Improving health care of people experiencing incarceration
Each year, over 40,000 people are incarcerated in Ontario’s jails and prisons– many with significant medical and psychiatric conditions like mental illness, hepatitis C infection, and addictions.
In Canada, access to health care during incarceration is a human right, and health care can support people who experience incarceration in improving their health and well-being, says family physician Fiona Kouyoumdjian, adding that many of the social determinants of health directly overlap with the social determinants of incarceration.
Kouyoumdjian is a family physician at a provincial jail and an assistant professor with McMaster University’s Department of Family Medicine and she leads a research program that aims to prevent incarceration, improve health care in prisons, and support health and community reintegration for people at the time of prison release.
Her research uses various methods to describe the health status and health care use of people who experience incarceration, including through the linkage of correctional and health administrative data. She collaborates with government and non-government stakeholders as well as researchers in other disciplines to influence practice and policy to improve health outcomes in this population.
Kouyoumdjian’s research on the rates and causes of death in people who experience incarceration contributed to the decision to implement overdose prevention training in prisons and to distribute naloxone kits to people at the time of release from prison.
Dr.
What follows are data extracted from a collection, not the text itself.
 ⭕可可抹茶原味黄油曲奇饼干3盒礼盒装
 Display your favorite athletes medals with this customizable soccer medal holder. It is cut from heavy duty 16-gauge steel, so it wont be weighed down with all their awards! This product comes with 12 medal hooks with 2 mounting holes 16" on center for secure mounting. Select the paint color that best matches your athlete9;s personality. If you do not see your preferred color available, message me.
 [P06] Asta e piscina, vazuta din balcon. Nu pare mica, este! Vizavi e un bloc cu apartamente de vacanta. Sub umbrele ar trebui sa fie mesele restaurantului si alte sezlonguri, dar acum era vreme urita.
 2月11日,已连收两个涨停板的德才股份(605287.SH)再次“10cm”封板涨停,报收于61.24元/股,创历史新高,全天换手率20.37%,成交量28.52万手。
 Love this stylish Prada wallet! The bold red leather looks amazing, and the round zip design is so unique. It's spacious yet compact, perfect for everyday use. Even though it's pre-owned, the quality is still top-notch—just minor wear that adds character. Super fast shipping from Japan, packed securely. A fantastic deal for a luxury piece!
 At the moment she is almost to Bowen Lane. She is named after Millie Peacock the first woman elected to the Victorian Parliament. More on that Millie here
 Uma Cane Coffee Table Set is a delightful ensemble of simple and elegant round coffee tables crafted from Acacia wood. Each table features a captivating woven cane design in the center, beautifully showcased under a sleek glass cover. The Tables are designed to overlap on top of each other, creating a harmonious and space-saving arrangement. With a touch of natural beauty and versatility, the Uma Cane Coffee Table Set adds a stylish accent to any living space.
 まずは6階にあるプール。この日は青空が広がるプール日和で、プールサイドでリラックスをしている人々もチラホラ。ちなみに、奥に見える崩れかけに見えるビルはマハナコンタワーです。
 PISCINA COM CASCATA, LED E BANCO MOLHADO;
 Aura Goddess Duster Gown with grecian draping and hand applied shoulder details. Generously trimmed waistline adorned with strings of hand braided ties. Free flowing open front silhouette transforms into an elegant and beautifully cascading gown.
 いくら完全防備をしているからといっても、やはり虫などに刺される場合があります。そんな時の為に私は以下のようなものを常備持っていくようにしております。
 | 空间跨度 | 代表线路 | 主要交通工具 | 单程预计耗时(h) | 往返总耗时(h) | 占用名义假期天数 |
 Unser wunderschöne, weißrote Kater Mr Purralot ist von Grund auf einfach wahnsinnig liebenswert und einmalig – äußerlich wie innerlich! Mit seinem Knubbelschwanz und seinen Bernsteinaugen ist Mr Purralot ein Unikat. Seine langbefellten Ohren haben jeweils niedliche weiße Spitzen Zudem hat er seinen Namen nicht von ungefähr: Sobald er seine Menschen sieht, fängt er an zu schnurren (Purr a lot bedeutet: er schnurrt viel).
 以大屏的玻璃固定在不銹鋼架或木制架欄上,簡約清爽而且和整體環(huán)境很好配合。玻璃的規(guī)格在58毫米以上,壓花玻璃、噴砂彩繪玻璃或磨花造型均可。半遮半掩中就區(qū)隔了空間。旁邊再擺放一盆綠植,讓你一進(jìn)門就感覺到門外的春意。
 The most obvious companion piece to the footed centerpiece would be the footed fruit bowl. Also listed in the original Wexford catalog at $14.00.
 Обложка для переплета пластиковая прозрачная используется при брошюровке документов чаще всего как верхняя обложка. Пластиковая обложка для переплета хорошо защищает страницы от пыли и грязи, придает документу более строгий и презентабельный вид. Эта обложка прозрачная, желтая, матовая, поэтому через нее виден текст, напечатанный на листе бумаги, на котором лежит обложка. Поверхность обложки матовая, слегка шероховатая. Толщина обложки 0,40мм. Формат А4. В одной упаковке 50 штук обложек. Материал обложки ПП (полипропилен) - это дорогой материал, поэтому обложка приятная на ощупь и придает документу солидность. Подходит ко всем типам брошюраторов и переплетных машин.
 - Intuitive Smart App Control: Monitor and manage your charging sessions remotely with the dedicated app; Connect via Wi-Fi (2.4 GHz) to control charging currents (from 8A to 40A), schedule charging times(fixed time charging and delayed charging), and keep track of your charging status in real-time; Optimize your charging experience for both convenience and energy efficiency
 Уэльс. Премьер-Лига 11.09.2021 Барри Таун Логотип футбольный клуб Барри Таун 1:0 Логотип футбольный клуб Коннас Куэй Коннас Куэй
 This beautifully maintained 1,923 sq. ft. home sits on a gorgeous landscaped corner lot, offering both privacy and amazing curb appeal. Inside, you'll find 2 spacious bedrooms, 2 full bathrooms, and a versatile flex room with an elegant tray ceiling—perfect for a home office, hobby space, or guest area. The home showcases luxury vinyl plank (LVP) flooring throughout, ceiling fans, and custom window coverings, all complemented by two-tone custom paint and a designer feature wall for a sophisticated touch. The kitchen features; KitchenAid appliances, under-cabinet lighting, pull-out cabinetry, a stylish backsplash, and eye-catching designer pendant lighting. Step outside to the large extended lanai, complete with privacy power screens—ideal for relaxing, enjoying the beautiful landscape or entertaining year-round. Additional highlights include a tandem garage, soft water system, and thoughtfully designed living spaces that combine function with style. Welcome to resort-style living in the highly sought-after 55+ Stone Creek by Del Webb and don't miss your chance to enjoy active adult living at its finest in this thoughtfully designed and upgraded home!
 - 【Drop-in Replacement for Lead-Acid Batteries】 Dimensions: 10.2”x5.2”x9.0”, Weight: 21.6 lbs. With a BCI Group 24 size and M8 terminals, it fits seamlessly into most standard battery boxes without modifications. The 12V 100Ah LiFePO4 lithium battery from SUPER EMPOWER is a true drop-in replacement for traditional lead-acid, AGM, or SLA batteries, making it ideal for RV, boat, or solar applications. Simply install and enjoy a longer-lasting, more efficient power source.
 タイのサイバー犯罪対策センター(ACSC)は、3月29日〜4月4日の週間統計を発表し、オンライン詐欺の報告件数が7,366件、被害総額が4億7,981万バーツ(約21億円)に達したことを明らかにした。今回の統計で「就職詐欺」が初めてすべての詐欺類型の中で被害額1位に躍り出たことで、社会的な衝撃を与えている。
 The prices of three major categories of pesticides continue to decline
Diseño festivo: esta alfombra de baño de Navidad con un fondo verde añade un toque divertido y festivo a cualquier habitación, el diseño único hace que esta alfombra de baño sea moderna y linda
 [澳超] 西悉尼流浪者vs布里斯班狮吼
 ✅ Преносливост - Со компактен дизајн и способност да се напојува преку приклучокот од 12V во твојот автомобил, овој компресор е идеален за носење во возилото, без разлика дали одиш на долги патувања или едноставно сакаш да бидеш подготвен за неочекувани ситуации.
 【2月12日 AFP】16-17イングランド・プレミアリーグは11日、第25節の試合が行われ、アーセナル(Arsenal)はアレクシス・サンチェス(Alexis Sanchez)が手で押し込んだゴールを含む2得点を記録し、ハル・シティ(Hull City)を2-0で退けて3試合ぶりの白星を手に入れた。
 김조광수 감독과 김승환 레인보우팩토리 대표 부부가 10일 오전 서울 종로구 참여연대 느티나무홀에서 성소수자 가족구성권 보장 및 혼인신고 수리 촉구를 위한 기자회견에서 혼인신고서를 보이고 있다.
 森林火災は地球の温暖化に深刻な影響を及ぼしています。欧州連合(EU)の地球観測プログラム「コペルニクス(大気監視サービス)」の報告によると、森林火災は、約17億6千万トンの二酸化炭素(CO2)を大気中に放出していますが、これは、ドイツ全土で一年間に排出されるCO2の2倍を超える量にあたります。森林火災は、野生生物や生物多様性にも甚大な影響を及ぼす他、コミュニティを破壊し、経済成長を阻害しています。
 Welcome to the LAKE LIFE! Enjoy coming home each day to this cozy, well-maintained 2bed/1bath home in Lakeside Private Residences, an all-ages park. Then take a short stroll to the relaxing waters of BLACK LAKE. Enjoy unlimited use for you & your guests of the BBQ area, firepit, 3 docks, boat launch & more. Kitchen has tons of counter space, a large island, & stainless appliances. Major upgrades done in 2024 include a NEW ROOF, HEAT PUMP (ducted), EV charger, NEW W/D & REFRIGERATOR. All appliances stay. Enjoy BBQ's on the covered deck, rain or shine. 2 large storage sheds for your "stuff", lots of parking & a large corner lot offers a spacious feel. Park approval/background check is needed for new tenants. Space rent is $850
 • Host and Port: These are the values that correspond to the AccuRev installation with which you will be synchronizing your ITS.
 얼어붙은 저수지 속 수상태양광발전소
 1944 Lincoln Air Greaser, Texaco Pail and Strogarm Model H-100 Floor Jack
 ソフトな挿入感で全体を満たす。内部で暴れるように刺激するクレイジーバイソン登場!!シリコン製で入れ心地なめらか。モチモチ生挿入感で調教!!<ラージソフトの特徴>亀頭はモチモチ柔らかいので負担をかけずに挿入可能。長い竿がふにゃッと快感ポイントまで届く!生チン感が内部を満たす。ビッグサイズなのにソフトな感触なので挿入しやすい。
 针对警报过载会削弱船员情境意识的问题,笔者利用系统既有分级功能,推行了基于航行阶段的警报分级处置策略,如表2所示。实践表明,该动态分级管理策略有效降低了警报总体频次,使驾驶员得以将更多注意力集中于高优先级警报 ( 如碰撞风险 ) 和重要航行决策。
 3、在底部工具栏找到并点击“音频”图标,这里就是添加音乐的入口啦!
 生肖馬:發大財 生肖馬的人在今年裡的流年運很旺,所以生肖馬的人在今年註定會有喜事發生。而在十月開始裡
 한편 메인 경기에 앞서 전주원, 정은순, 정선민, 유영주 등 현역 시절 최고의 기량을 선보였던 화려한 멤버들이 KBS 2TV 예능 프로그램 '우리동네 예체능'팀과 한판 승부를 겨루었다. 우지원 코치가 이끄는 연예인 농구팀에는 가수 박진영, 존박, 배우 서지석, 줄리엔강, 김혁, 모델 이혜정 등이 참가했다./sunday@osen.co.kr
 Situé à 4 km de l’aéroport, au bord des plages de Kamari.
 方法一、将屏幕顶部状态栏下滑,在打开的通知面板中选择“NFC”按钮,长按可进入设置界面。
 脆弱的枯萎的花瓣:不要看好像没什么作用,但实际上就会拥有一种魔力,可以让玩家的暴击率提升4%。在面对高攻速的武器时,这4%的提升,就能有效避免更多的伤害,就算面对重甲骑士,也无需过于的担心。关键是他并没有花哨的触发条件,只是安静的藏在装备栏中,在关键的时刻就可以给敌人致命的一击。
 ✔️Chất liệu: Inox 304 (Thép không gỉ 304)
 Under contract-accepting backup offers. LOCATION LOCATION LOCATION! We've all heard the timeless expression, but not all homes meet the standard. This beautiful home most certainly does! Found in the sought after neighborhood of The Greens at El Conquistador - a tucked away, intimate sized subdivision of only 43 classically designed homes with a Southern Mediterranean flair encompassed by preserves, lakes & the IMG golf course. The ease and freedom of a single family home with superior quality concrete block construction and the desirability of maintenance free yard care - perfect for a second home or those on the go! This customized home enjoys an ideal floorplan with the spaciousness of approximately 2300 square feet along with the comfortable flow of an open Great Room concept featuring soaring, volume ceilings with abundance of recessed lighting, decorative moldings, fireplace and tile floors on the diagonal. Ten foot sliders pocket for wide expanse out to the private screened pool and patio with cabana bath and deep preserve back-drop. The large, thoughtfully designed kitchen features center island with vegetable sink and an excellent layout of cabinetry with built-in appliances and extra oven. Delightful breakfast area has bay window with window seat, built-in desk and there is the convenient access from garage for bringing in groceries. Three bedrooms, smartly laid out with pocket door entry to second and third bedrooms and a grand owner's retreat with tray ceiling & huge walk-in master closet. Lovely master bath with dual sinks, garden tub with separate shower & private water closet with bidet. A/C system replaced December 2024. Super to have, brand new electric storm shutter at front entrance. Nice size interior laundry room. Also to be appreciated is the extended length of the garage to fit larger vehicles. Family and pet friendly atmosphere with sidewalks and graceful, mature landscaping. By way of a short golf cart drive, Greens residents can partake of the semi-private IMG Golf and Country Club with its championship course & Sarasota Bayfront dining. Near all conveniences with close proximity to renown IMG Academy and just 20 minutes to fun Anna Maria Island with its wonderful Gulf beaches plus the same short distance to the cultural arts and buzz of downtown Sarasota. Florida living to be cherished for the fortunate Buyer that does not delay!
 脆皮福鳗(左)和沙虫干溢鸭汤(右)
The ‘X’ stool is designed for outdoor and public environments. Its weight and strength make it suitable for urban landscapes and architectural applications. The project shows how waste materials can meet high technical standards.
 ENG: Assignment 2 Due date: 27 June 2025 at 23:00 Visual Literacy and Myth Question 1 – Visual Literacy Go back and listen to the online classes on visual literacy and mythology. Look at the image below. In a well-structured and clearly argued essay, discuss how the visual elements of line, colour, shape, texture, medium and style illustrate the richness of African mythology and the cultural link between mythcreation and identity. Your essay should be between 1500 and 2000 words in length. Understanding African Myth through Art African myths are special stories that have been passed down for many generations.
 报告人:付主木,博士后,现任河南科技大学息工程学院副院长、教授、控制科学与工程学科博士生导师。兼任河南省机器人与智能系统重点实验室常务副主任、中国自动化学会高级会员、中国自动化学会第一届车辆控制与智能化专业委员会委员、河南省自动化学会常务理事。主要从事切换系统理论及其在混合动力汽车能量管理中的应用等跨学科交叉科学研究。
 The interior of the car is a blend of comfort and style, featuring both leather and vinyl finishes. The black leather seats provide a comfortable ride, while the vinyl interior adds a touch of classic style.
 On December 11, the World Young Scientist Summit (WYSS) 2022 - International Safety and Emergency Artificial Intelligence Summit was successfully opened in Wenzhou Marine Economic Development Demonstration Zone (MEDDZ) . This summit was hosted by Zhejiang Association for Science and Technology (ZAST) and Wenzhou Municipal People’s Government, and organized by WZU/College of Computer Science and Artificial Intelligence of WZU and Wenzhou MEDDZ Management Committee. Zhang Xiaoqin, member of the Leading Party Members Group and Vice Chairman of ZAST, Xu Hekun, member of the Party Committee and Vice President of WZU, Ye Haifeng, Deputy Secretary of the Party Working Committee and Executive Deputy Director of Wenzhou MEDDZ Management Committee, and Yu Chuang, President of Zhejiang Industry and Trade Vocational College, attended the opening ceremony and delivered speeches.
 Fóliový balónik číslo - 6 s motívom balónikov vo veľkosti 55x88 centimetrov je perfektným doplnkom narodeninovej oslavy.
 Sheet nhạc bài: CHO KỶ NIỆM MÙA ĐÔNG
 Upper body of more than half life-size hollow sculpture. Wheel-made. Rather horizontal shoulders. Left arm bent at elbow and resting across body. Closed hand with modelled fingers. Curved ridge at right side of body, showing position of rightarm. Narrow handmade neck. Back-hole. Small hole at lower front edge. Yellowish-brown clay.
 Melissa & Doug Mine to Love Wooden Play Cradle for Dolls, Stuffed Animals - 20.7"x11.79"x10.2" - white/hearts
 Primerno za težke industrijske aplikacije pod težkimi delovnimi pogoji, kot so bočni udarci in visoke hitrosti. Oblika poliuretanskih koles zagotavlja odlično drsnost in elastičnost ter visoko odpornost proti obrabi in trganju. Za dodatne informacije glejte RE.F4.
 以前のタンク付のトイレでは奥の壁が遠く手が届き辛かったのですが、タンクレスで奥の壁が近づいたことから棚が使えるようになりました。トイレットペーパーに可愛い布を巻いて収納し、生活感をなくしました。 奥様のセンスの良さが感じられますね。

Claire Bodkin is a resident physician with the department of family medicine. She has been working with Kouyoumdjian since she was a McMaster medical student. She credits working with Kouyoumdjian as instrumental to shaping her career trajectory.
“One of the things I’ve learned from Fiona is how to embrace the role of a clinician investigator – how to ground research in the clinical work that I’m doing with people, and how to develop research questions or lines of study from the work that I’m doing as a clinician,” says Bodkin.
“My hope is that the research I work on leads to improved care for people who experience incarceration, and also imagining and building a world where we don’t have prisons and people are not incarcerated.”
The prison health research program is one of many initiatives within the newly launched David Braley Primary Care Research Collaborative in the Department of Family Medicine at McMaster.